PORT GIBSON, Miss. -- Little Bayou Pierre snakes through this tiny town of antebellum mansions and crumbling, vine-covered shacks.

But for nearly two weeks now, the bayou has been flowing the wrong way. Amid intense backward pressure from the Mississippi River, Little Bayou Pierre has outgrown its name -- and overflowed its banks -- slowly submerging parts of this town.



This tributary to the Mississippi River is usually little more than a small stream with sandy shoals, but in the past few days the bayou has already swallowed the home across the street from Debra Foster. And on Monday afternoon the water was slowly making its way uphill on Shipp Street and into Foster's yard. She and her family were leaving to stay with a friend. They placed sandbags in the doorway as a last-ditch effort to prevent flooding.

"Good luck -- that's all you can wish for," said Pocahontas Brown, who lives two houses up the road from Foster.
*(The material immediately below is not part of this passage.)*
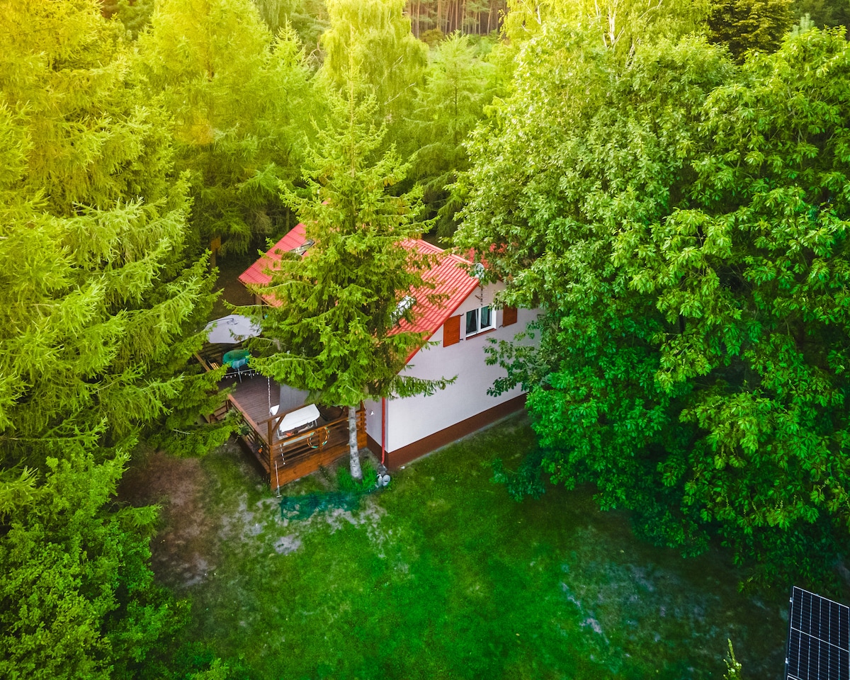 Bienvenue dans un chalet avec vue sur la forêt entouré par la nature situé dans le district du lac Dobrzyń (commune de Skępe, voïvodie de Couïavie-Poméranie) Le quartier se caractérise par une multitude de lacs et de forêts. À proximité immédiate de 3 km Wielkie, Łąkie, Sarnowskie Lakes. Le chalet a tout ce dont vous avez besoin pour vous détendre. Le quartier est calme et paisible. Vous pouvez faire un barbecue et allumer un feu. Il y a une aire de jeux pour les enfants. Le logement de l'hôte est à proximité. Le chalet avant chaque séjour est ozonated.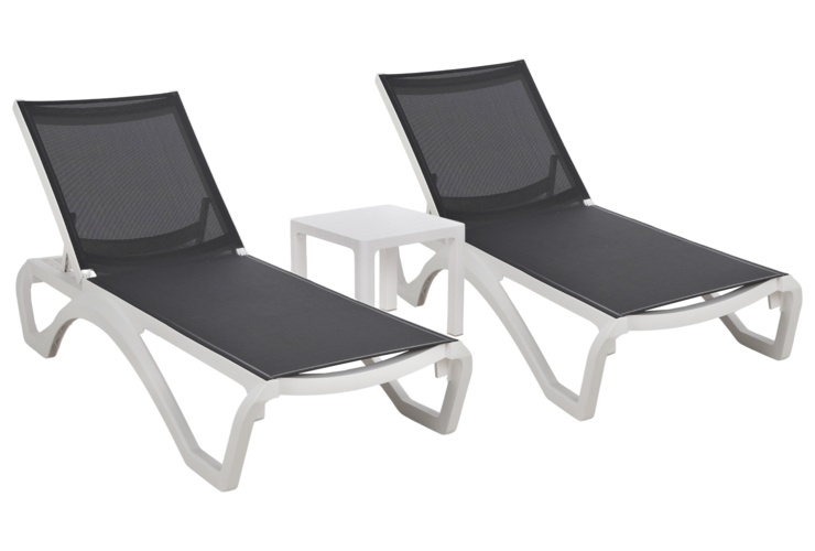 Leżak ogrodowy jest obowiązkowym wyposażeniem tarasu przydomowego, ale sprawdzi się również na większym balkonie. Stelaż wykonany został z polipropylenu w kolorze białym. Pokrycie z siatki textilene jest wytrzymałe i posiada właściwości pozwalające na użytkowanie leżaka na powietrzu: jest niepodatne na promieniowanie UV, nie wchłania wilgoci (po deszczu wystarczy przetrzeć materiał ściereczką, by go osuszyć), nie poddaje się działaniu kremów i olejków do opalania, nie ulega trwałym odkształceniom. Regulowane w 5 położeniach oparcie pozwala na wygodny relaks w każdej pozycji. W zestawie ze stolikiem możesz podzielić się relaksem z najbliższą osobą.

Brown said she used to live higher up in the hills and rues her decision to move to Shipp Street.

Several other houses were within inches of being submerged. With the crest of the river still several days away, residents fear it's only a matter of time before they are inundated. Like other parts of the Mississippi Delta, Port Gibson sits more than a dozen miles from the river, but its proximity to tributaries and backwater streams leaves it at much greater risk of flooding than it otherwise would be.

One of the oldest towns in Mississippi, Port Gibson has a history deeply ingrained in the Civil War. The wooden welcome sign to town reads, "Too beautiful to burn," a statement made by Ulysses S. Grant after a major battle in the area, according to legend.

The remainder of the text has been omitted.